MATERIAL TO PROCESS START
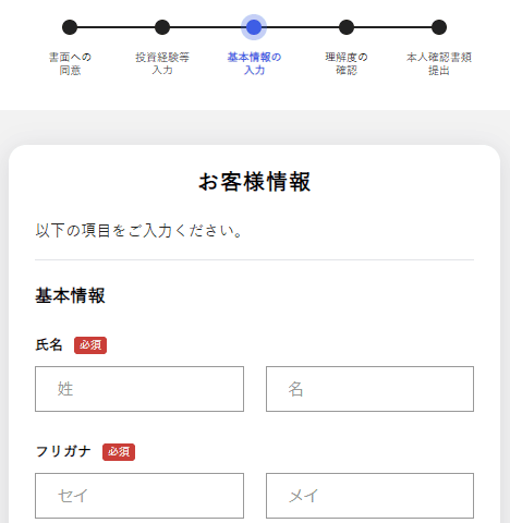 各種規約への同意と、投資家情報の入力をしていきます。流れはこのようになります。
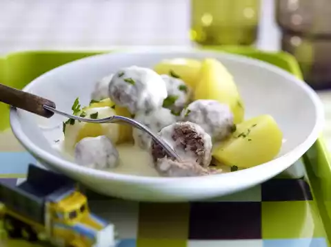 In the meantime, peel and wash the potatoes, cover and cook in salted water for about 20 minutes. Lift the finished meatballs out of the stock with a skimmer. Pour stock through a fine sieve and measure 1/2 l.
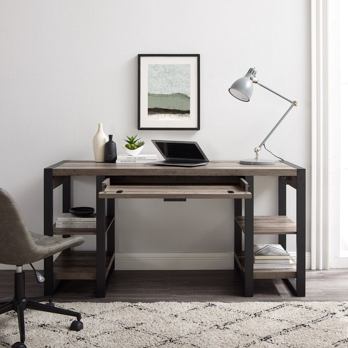 Regular price $146.00Complete your home office with this urban industrial style computer desk. Features a built in USB port and AC plug-in for additional power supply, that way you can charge your laptop or phone while in use. Its open side shelving and pull-out drawer provide ample storage space to fit your office essentials. Crafted from warp-resistant MDF and powder-coated metal legs for a sturdy yet stylish office desk.
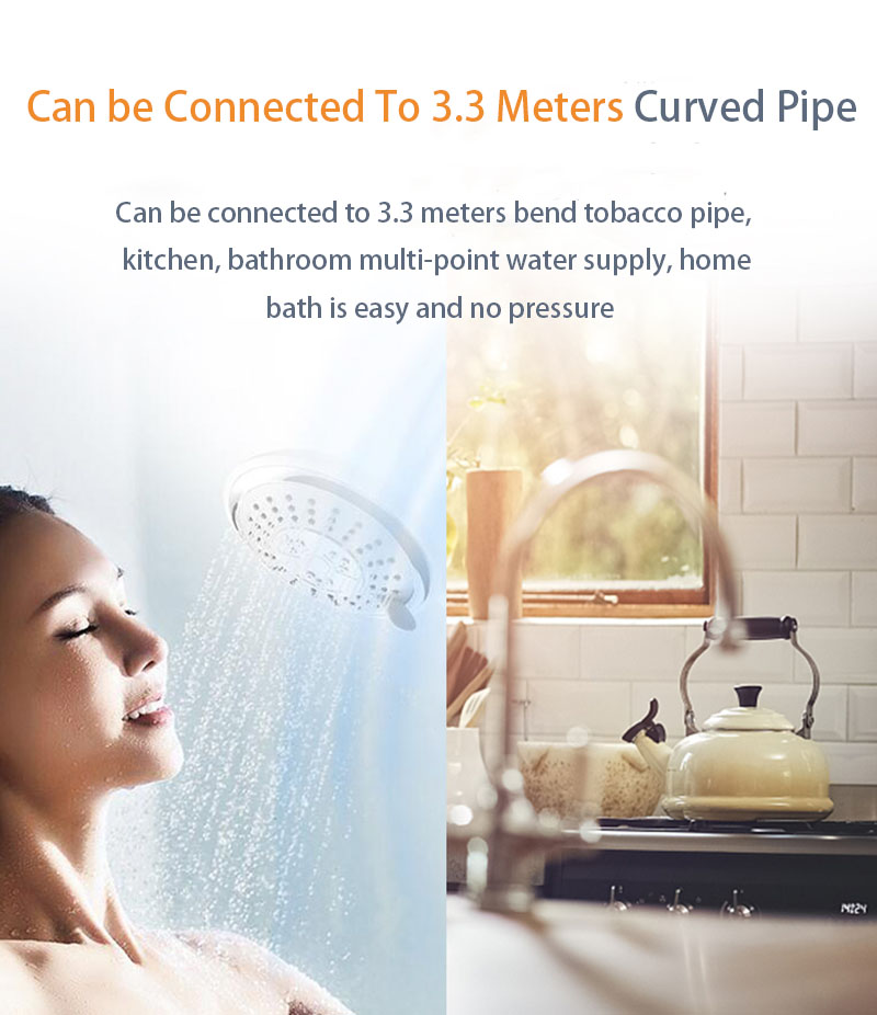 Can be connected to a three-meter three-meter elbow pipe, the kitchen and bathroom have multiple points of water supply at the same time, and the family bath is easy and stress-free
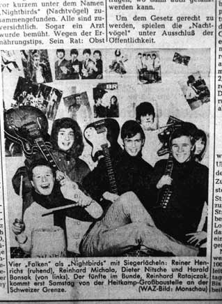 Renate Füllner meldete die Jungs an – und das Fernsehen kam wirklich. Was selten war im Wanne-Eickel der damaligen Jahre, denn wenn ein Team sich mal nach Wanne-Eickel verirrte, dann höchstens, um einen Dokumentarbeitrag über den Bergbau zu drehen. Jetzt also die TV-Abteilung „Unterhaltung“, und es wurde ernst für die Nightbirds. Ohne vernünftige Vorbereitung wurde der Tag des Rekordes angesetzt, am Samstag, 17. Dezember 1966 um 17 Uhr sollte es losgehen. Pünktlich drängelten sich Heerscharen von Wanne-Eickels Beatjüngern vor dem Falkenheim – nur einer fehlte: Nightbirds-Bassist Reinhard Ratajczak kam nicht rechtzeitig aus Süddeutschland in die Heimat. Die Party lief ohne ihn – und auch ohne viele Zuschauer. Statt die Nightbirds im Saal spielen zu lassen, fand die Rekordveranstaltung im kleinen Keller des Heims statt. Wer das Glück hatte reinzukommen, wurde bald wieder rausgeschleust, damit auch andere gucken konnten.
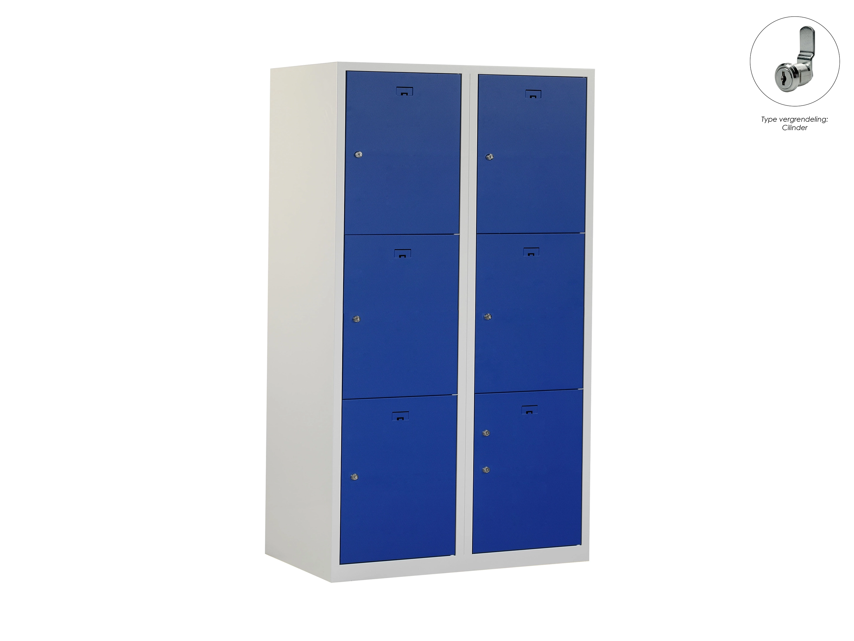 Locker PH - 2 kolomen, 6 deuren, 111,6x90x50 cm, grijs/blauw, cilinder
MATERIAL TO PROCESS END
- **WORK ORDER**: What do the lines above say from the line containing "Can be connected" through the last line? Quote them exactly, both ends included, and leave out the pictures.

- **RESULT OF THE EXERCISE**:
 Can be connected to a three-meter three-meter elbow pipe, the kitchen and bathroom have multiple points of water supply at the same time, and the family bath is easy and stress-free
 Renate Füllner meldete die Jungs an – und das Fernsehen kam wirklich. Was selten war im Wanne-Eickel der damaligen Jahre, denn wenn ein Team sich mal nach Wanne-Eickel verirrte, dann höchstens, um einen Dokumentarbeitrag über den Bergbau zu drehen. Jetzt also die TV-Abteilung „Unterhaltung“, und es wurde ernst für die Nightbirds. Ohne vernünftige Vorbereitung wurde der Tag des Rekordes angesetzt, am Samstag, 17. Dezember 1966 um 17 Uhr sollte es losgehen. Pünktlich drängelten sich Heerscharen von Wanne-Eickels Beatjüngern vor dem Falkenheim – nur einer fehlte: Nightbirds-Bassist Reinhard Ratajczak kam nicht rechtzeitig aus Süddeutschland in die Heimat. Die Party lief ohne ihn – und auch ohne viele Zuschauer. Statt die Nightbirds im Saal spielen zu lassen, fand die Rekordveranstaltung im kleinen Keller des Heims statt. Wer das Glück hatte reinzukommen, wurde bald wieder rausgeschleust, damit auch andere gucken konnten.
 Locker PH - 2 kolomen, 6 deuren, 111,6x90x50 cm, grijs/blauw, cilinder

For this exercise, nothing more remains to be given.